Problem details
Retype, word for word, every line starting at the line with "The Red Dial" and ending with the final line of the entries; skip the pictures.

Data for this task
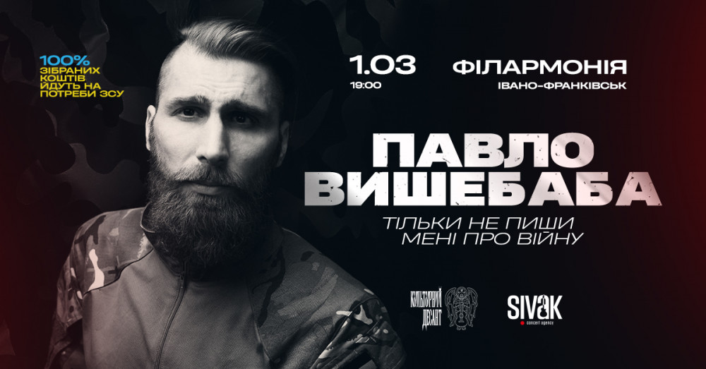 Вперше в Україні пройде благодійний тур військового та поета Павла Вишебаби. До Івано-Франківська поет завітає 1 березня. Виступ пройде в Івано-Франківській обласній філармонії.
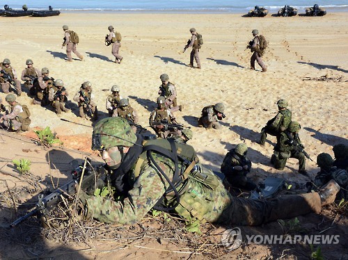 △ (노던 테리토리<호주> 교도=연합뉴스) 11일 호주 북부의 준주(準州)인 노던 테리토리의 포크베이 지역 해안에서 미군과 호주군의 연합군사훈련에 처음 참가한 일본 자위대원이 미국 해병대원과 함께 총기를 들고 섬 탈환 작전을 수행 중이다. 2015.7.12
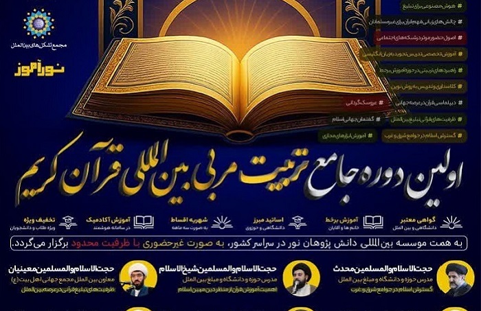 مؤسسه بینالمللی دانشپژوهان نور با استناد به حدیث شریف نبوی «خَیرُکُم مَن تَعَلَّمَ القُرآنَ وَعَلَّمَهُ»، اقدام به برگزاری «اولین دوره جامع تربیت مربی بینالمللی قرآن کریم» کرده است. این دوره آموزشی فرصتی مناسب برای علاقهمندان به تبلیغ و آموزش قرآن در سطح بینالمللی محسوب میشود.
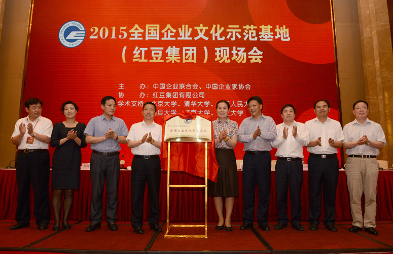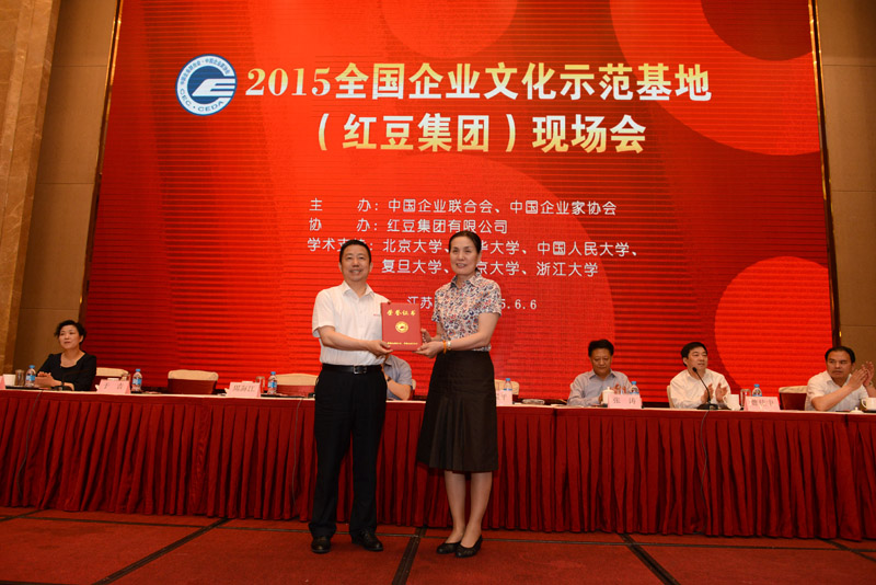 6月6日,在無錫市紅豆杉莊舉辦的2015全國(guó)企業(yè)文化示范基地(紅豆集團(tuán))現(xiàn)場(chǎng)會(huì)上,紅豆集團(tuán)被中國(guó)企業(yè)聯(lián)合會(huì)、中國(guó)企業(yè)家協(xié)會(huì)授予“全國(guó)企業(yè)
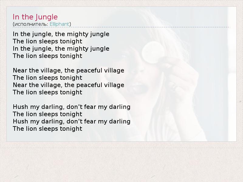 In the jungle, the mighty jungle The lion sleeps tonight In the jungle, the mighty jungle The lion sleeps tonight Near the village, the peaceful village The lion sleeps tonight Near the village, the peaceful village The lion sleeps tonight Hush my darling, don't fear my darling The lion sleeps tonight Hush my darling, don't fear my darling The lion sleeps tonight
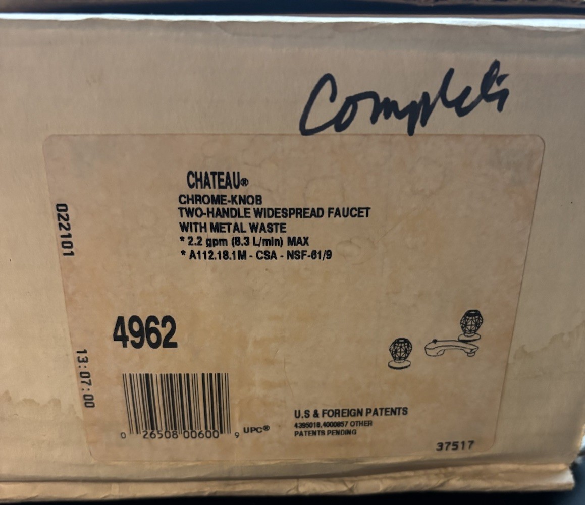 Moen Chateau 4962 Widespread Bathroom Faucet - Chrome Crystal Knobs - As Is
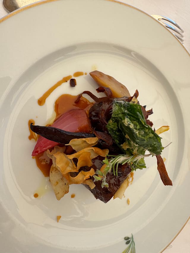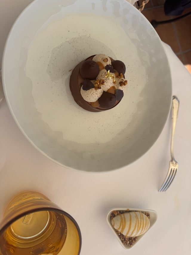 7.5/10We love to eat well and have been to restaurants around the world including many Michelin-starred. The property and view from the terrace are gorgeous. The dress code is supposedly "formal", so we and a several other guests made an effort to dress well. Nevertheless, others were admitted in flipflops and wrinkled T-shirts. Wine list is expansive and expensive as expected. Service was fine, with some glitches. We ordered the least expensive "market" menu, which was a disappointment. Second amuse-bouche was the highlight, an inventive corn foam dish, but it went downhill from there. Next, the "egg" appetizer also featured on the more expensive menu was a runny egg mixed with a couple slices of vegetables and salami. Next, the pork loin was lots of meat but tough and both my wife and could not finish it as half the pieces had a foul taste. Dessert was an uninventive chocolate mousse and ice cream on a piece of graham cracker. Overall, a general lack of interesting flavors or textures.
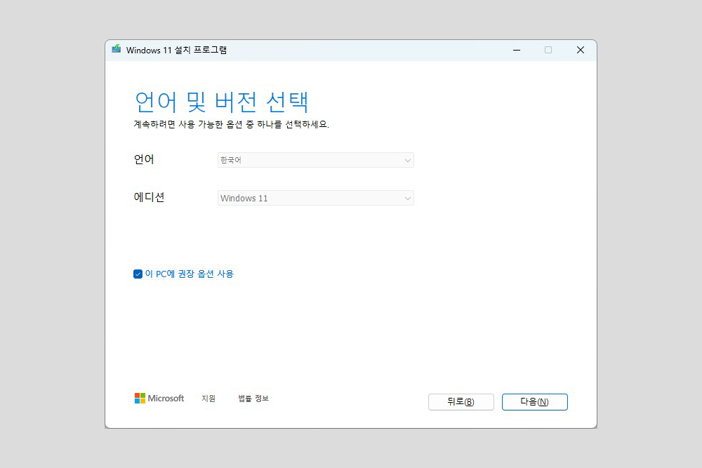 윈도우 11 설치 미디어 만들기를 선택하고 설치 파일을 다운로드 받고 실행시키면 위와 같이 마이크로소프트 소프트웨어 사용권 계약서 관련 동의 과정을 거쳐야 하고 언어(한국어)와 에디션(Windows 11)을 선택할 수 있는 메뉴가 표시됩니다. 참고로 “이 PC에 권장 옵션 사용”을 해제하면 언어를 변경할 수 있습니다.
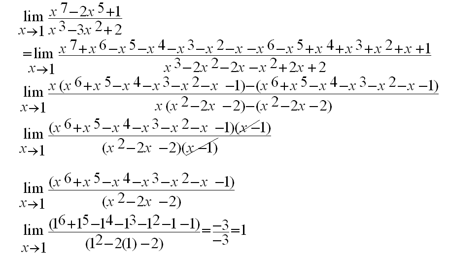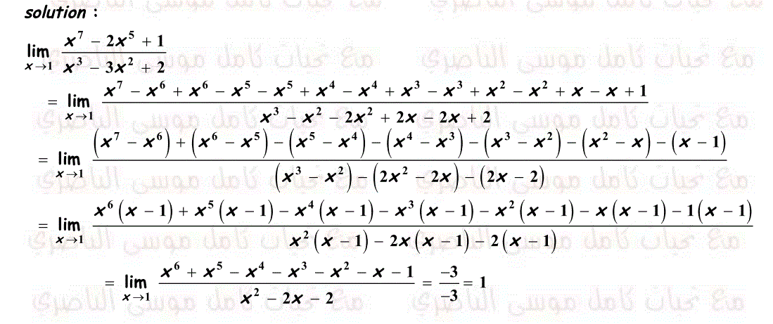 يمكن الحل باستخدام طريقة القسمة المطولة بقسمة كل من البسط والمقام على ( x - 1 )
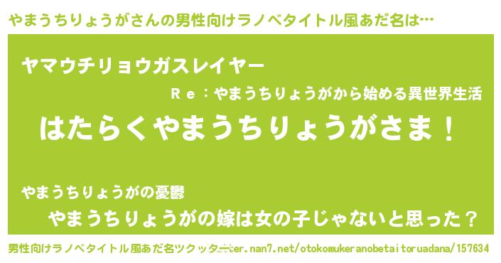 | 胡散臭い通販商品みたいなあだ名 | 『信頼と実績のサプリメント…その名も「やまうちりょうが」』 |
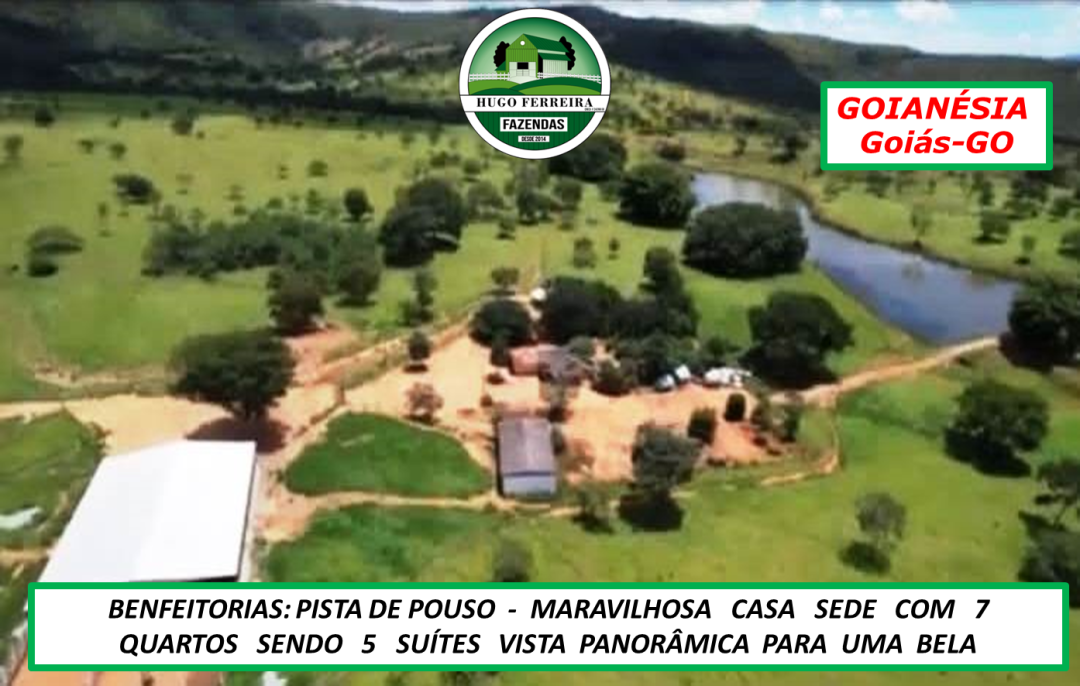 FAZENDA COM ÁREA DE 2.080 HECTARES / 429,75 ALQUEIRES, EM ITAPACI/GO. 30 KM RUBIATABA. 15 KM ESTRADA DE CHÃO. 221 KM DE GOIÂNIA. DUPLA APTIDÃO: PECUÁRIA E AGRICULTURA. TODA FORMADA. PLANTA 726 HECTARES DE CANA OU SOJA. ALTITUDE 783 A 900 m. TEOR DE ARGILA 28% À 35%. TOPOGRAFIA: PLANA, SEMI-PLANA E PARTES ONDULADA. SOLO: CULTURA BARRO VERMELHO: GUARIROBA E BACUN. 95% EM BRACHIARÃO E 5% ANDROPOGON. BENFEITORIAS: REDE DE ENERGIA ELÉTRICA TRIFÁSICA. 170 PLACAS DE ENERGIA SOLAR. 40 DIVISÕES DE PASTOS COM ÁGUA ENCANADA E BEBEDOUROS. 100 CASAS DE COCHOS COBERTAS SISTEMA MODERNO CREEP PARA SAL. TODAS DIVISÕES NO ARAME LISO E CERCAS EM AROEIRA. PORTEIRAS DE FERRO EM TODOS OS PASTOS. CAPACIDADE PARA 4.000 ANIMAIS. CASA SEDE AMPLA GRANDE E CONFORTÁVEL. 5 CASAS PARA FUNCIONÁRIOS. 4 CURRAIS DE FERRO GALVANIZADO COM CORDOALHAS, BRETE, BALANÇA, PASSARELA E EMBARCADOR. 1 CURRAL EM AROEIRA PRÓXIMO À CHEGADA DA FAZENDA. 1 CURRAL COM ESTRUTURA PARA LEITE E ORDENHA. TODOS OS CURRAIS COM COBERTURA DE FERRO. FÁBRICA DE RAÇÃO COMPLETA. GALPÃO PARA SAL MINERAL, DEFENSIVOS E FERTILIZANTES, GALPÃO PARA MAQUINÁRIO. 4 GALPÕES GRANDES E 6 GALPÕES MÉDIOS. SILO COMIL COM CAPACIDADE PARA 100 TONELADAS. RECURSOS HÍDRICOS: RIBEIRÃO, CÓRREGOS PERENES, REPRESAS, POÇOS ARTESIANOS. 4 RESERVATÓRIOS DE 200.000 LITROS COM DISTRIBUIÇÃO PARA OS BEBEDOUROS NO PASTOS. 300 BEBEDOUROS EM ALVENARIA COM BOIA. ÁREA DE CONFINAMENTO E COCHEIRAS COM FUNDO EM INOX. DOCUMENTOS EM DIA. INVESTIMENTO: R$ 75.000.000,00 (SETENTA E CINCO MILHÕES DE REAIS). FORMA DE PAGAMENTO: NEGOCIAÇÃO COM CORRETOR DE FAZENDAS HUGO FERREIRA
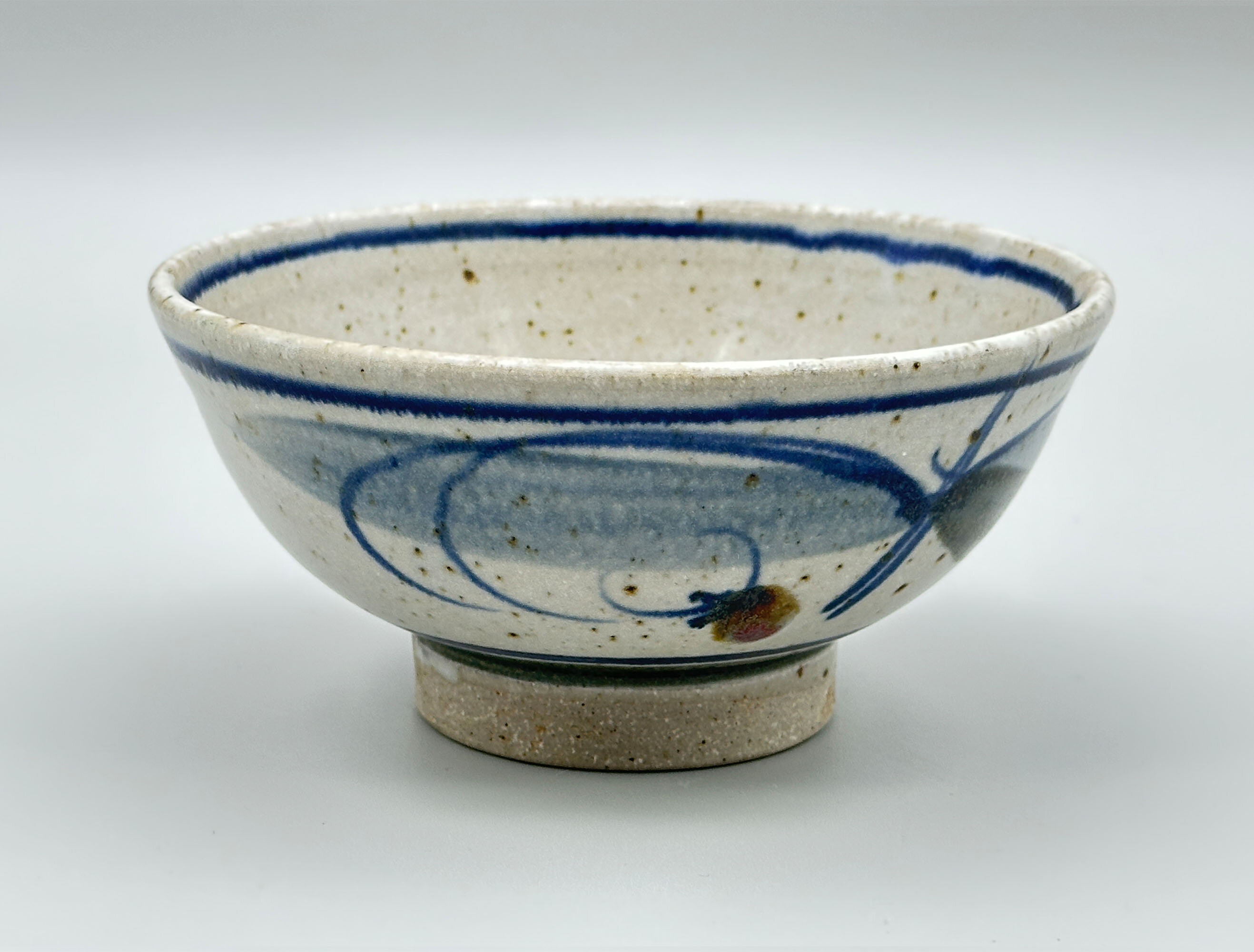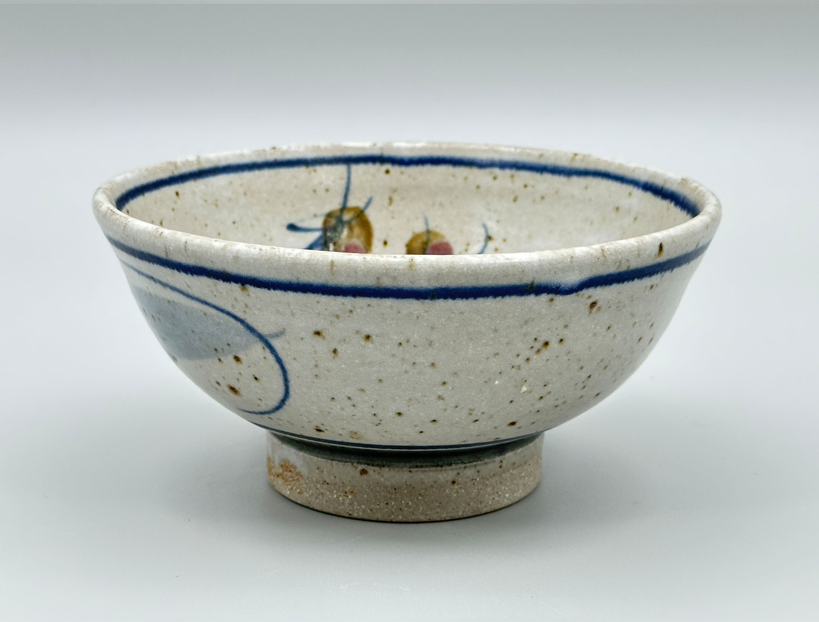 This is an elegant studio pottery bowl, the deep incurving sides above a short cylindrical foot, covered overall in an off white speckled glaze with decoration in blue, dark ‘copper’ red and grey, the exterior with leaves and berries sprouting from a branch and blue circles with a grey border, the interior with in blue, the interior with two blue circles, two berries and a grey roundel at the centre, the base with a small impressed mark.
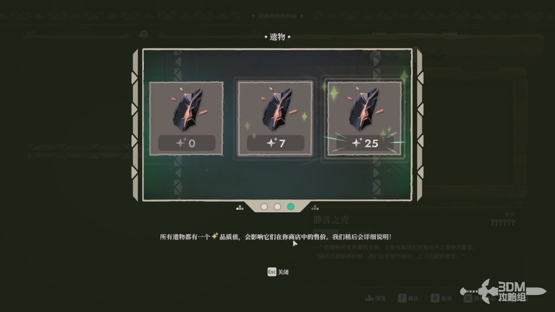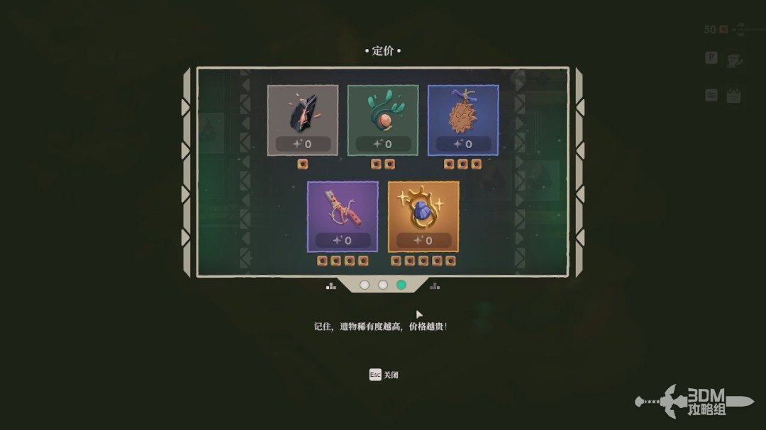 我们要根据客户不同的反应来灵活定价,遗物的稀有度越高也会更值钱。
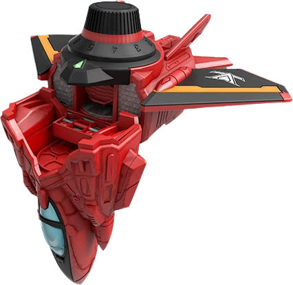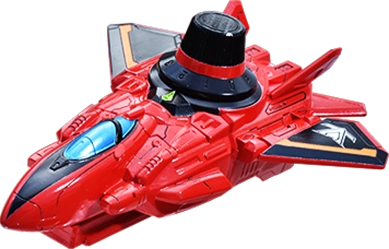 The Red Dial Fighter (レッドダイヤルファイター Reddo Daiyaru Faitā) is the military aircraft-based Mecha of Lupin Red. It forms the chest and head of LupinKaiser and the chest plate of Good Cool Kaiser VSX. It can fire missiles from underneath it
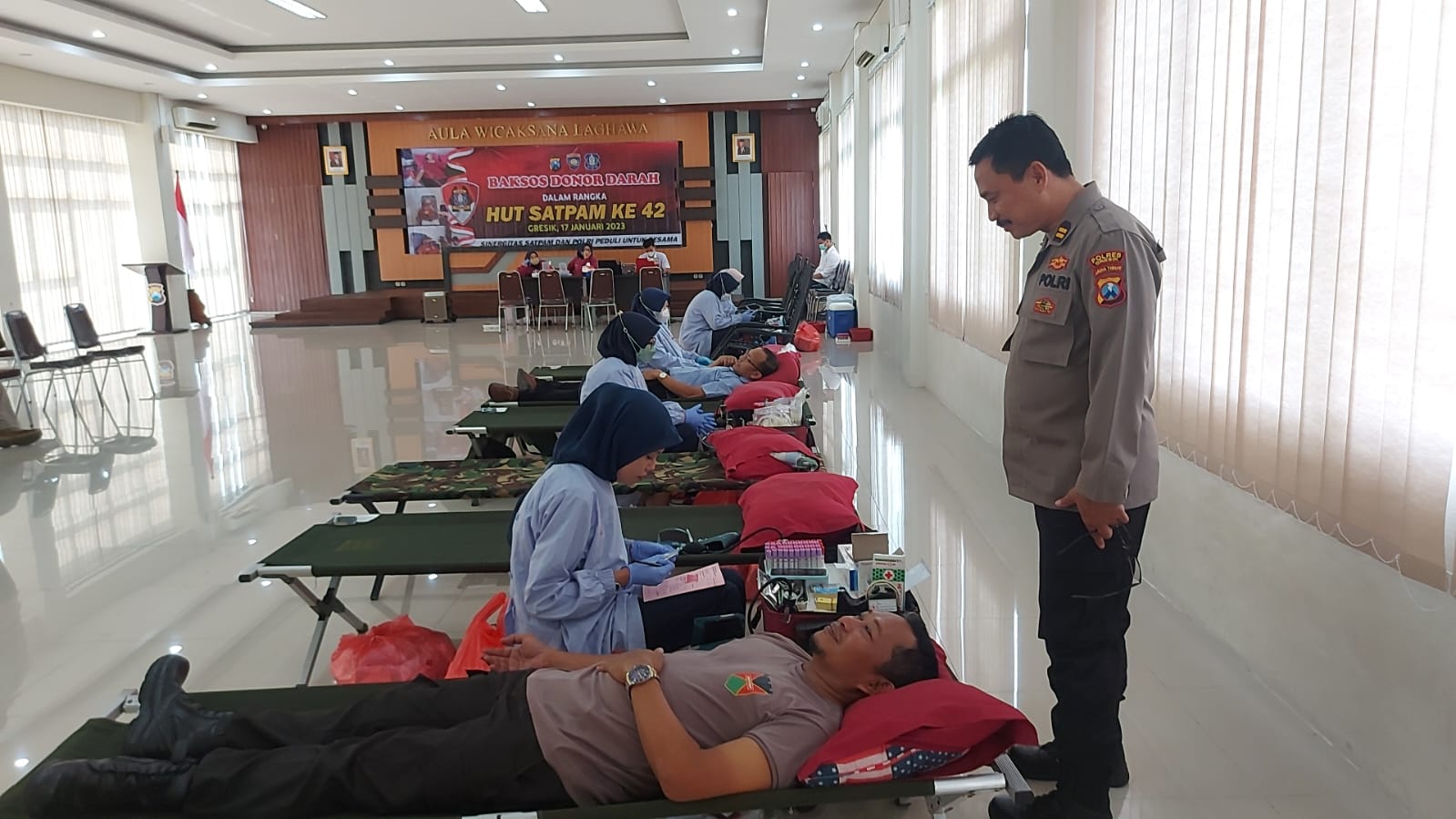 Brilian°Gresik – Puluhan personel gabungan Satuan Pengamanan (Satpam) di Kabupaten Gresik hari ini, gelar Bakti Sosial (Baksos) donor darah di Aula Wicaksana Laghawa, Polres Gresik, Jalan. DR. Wahidin Sudiro Husodo No.214, Kembangan, Kecamatan Kebomas, Kabupaten Gresik, Jawa Timur.

Exercise result
 The Red Dial Fighter (レッドダイヤルファイター Reddo Daiyaru Faitā) is the military aircraft-based Mecha of Lupin Red. It forms the chest and head of LupinKaiser and the chest plate of Good Cool Kaiser VSX. It can fire missiles from underneath it
 Brilian°Gresik – Puluhan personel gabungan Satuan Pengamanan (Satpam) di Kabupaten Gresik hari ini, gelar Bakti Sosial (Baksos) donor darah di Aula Wicaksana Laghawa, Polres Gresik, Jalan. DR. Wahidin Sudiro Husodo No.214, Kembangan, Kecamatan Kebomas, Kabupaten Gresik, Jawa Timur.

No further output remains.